Ты двадцать лет был верным другом мне,

Защитником от сырости надёжным,

Хранилищем ключей и портмоне,

Тобою приходилось укрываться мне,

Как одеялом, в холоде дорожном.

 

За жизнь со мной ты много повидал

Людей из власти и обычных граждан.

Где только ни висел, кого ни обнимал,

Мне по тебе давал оценку каждый:

Продажный я поэт иль непродажный.

 

 

Ты знаешь сам, за эти двадцать лет

В твоих карманов много сигарет

И стеклотары с водкой побывало.

Теперь я трезвенник. Что было, то пропало.

Прими прощальный от меня привет.

 

Сдаю тебя в утиль, пока мой друг, пока…

Сдаю ещё подшивку «Огонька»

И ельцинских речей четыре тома,

Чтобы купить пакетик молока

И, клюшкою стуча, дойти до дома.

 

 

 

 

Священнику Петру Ищенко

 

Ты помнишь, Пётр, наш вечно юный Омск,

Где были мы людьми советской веры?

И брали в образцы высокие примеры.

Они давно растаяли, как воск,

 

Который вновь застыл. И годы написали,

Когда всё успокоилось, срослось,

На нём слова задумчивой печали,

Про то, что в нашей жизни не сбылось.

 

Мы встретились с тобой накоротке,

Когда полвека жизни пролетело.

Она держала нас на поводке,

Но мы с него срывались, то и дело.

 

Где не носило нас?.. Но возвратились мы

К тому, что есть для человека вечно.

И как учёностью не застили умы,

Опять пришли к Тому, что бесконечно,

 

Непознаваемо, но дорого, как счастье,

Любой спасенья страждущей душе.

К Тому, кто на последнем вираже

Нас примет с всепрощающим участьем.

 

 

 

Послание Юрию Говорову

 

 

Года идут, года гнетут,

Всё крепче нас объемлет старость.

Болячки колют, ноют, жгут,

Но в нас с тобой ещё осталась,

Дружище Юрий, жажда жить,

И не убить её лекарством.

Наш юный пыл не усмирить

Докучным пенсионным барством.

 

Ты тот же, что при первой встрече –

Колючий, пылкий, озорной,

Умом недюжинным отмечен,

Но в то же время и простой

Мужик тамбовский, в мненьях дерзкий,

Трудом поднявшийся с колен,

Ты на своей стезе судейской

Взошел на высшую ступень.

 

Но не утратил простодушной

Любви и верности стихам.

Таких, как ты, незримо Пушкин

Приподнимает к небесам.

 

 

 

 

 

 

                 Грибы

 

В дверь на рассвете постучали:

— Вставайте сони!
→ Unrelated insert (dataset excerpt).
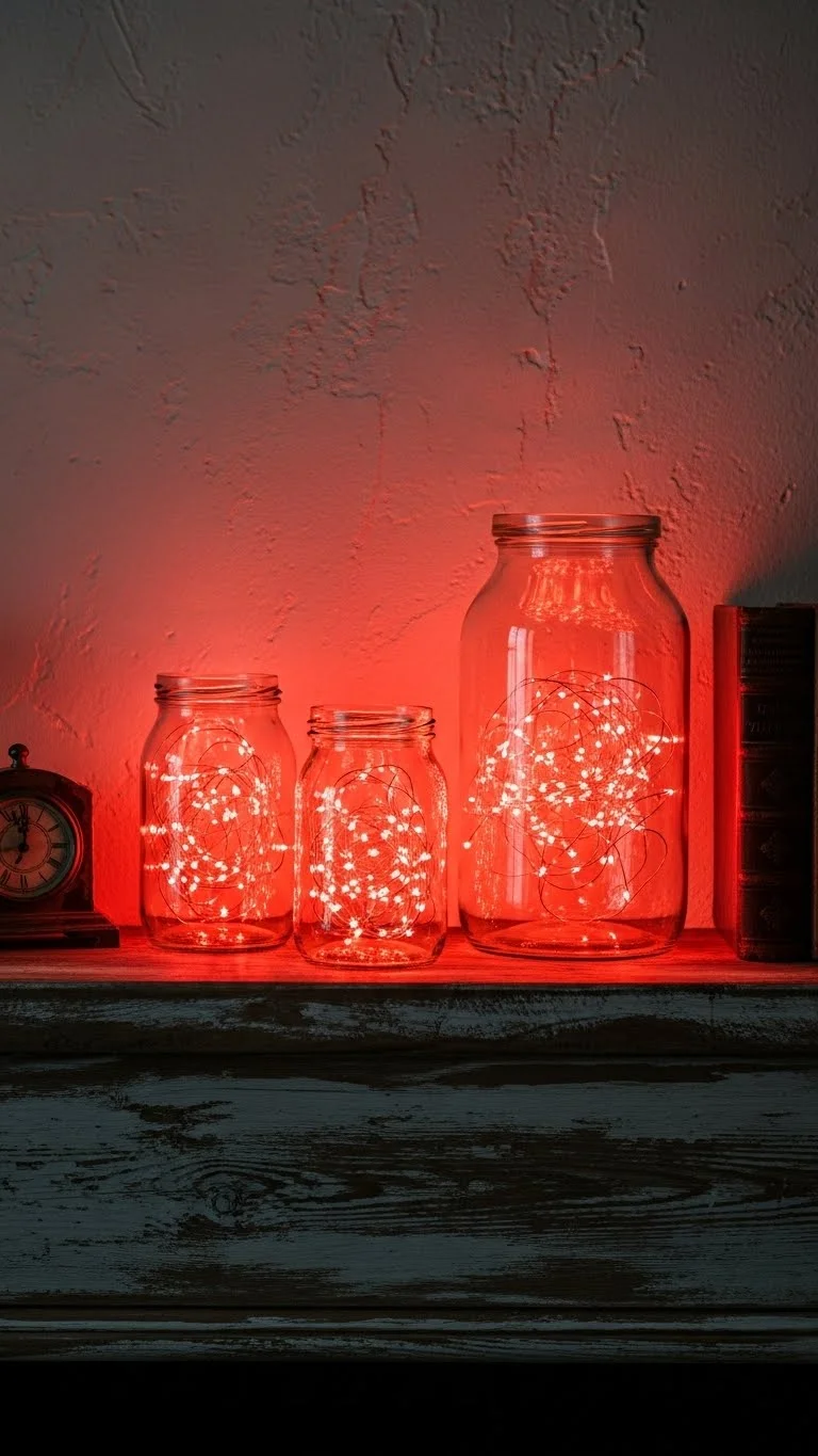 Fill glass jars with red fairy lights for a bold glow. Place them on mantels or side tables. The red illumination adds drama and warmth to any space.

В лес пора!

Без нас грибы давно собрали,

А мы толчёмся у двора.

 

Задами. Полем. Быстрым шагом

Идём в неблизкий старый лес,

Отряхивающийся, как собака,

С корзинами наперевес.

 

И растянувшись цепью редкой,

Чтоб все грибы забрать в полон,

Глазами шарим, где под веткой,

Иль под кустом таится Он –

 

Великий Гриб России белый

И крепконогий, и дебелый,

На толстой шляпке тёмный верх –

Мечта грибных ищеек всех.

 

Мне скоро случай улыбнулся.

Идя под пологом лесным,

Я о него чуть не запнулся

И встал, как вкопанный, пред ним.

 

Мне первый раз далась удача.

И чтоб её не потерять,

Я поспешил и бойко начал

Свою корзину наполнять.

 

Волнушки, рыжики, маслята,

Боровики и валуи,

Сырые грузди и опята

В объятья бросились мои.

 

Они гурьбой ко мне бежали,

Маршировали вдоль тропы…

Вдруг, как отрезало, пропали,

Как в землю сгинули грибы.

 

Я с облегченьем распрямился.

Но где я, толком не пойму.

Ходил кругами, заблудился…

И закричал: Ау!.. Ау!..

 

В ответ ни звука. Только ветер

Шумел в березовых ветвях.

И вдруг меня ознобный страх

Объял, что я один на свете.

 

Что кто-то взял да и унес

Меня от теток и от мамы

Я верил искренне, всерьез,

Что леший вел меня кругами,

Чтоб я дорогу позабыл,

Откуда в лес я заходил

С ватагой вместе за грибами.

 

Тут я от ужаса поник

И заревел почти, когда

Вблизи раздался мамин крик:

Ты где?..

Я здесь!

Иди сюда!

 

Спешу на крик, ору, свищу,

Стирая с глаз пустые слезы.

Корзину полную тащу,

Ей задевая о березы.

 

Я рад спасенью своему

От неожиданного страха.

Прилипла к телу моему

Насквозь промокшая рубаха.

 

— Да ты, удачливый грибник,–

Мне говорит с улыбкой мама.

А я, как проглотил язык,

Стою и хлопаю глазами.

 

Во мне еще клубится страх,

И леший чудится повсюду…

Но радость в маминых глазах

Я никогда не позабуду.

 

Мировой театр

 

Господь мог навсегда развеять тьму

И уничтожить зло, искоренить измену.

Он их не уничтожил потому,

Что человек не знал бы свету цену,

Не ведая о тьме, и цену доброты – не зная зла.

 

Так создана была двоичность бытия.

До человека очередь дошла,

Когда свой монолог эдемская змея

Произнесла библейскому Адаму,

На плод грехопаденья указав.

 

И у Адама вспыхнул огнь в глазах.

Пал занавес невинности. И драму

Добра и зла всё человечество ломает

Пред ликом Господа почти шесть тысяч лет.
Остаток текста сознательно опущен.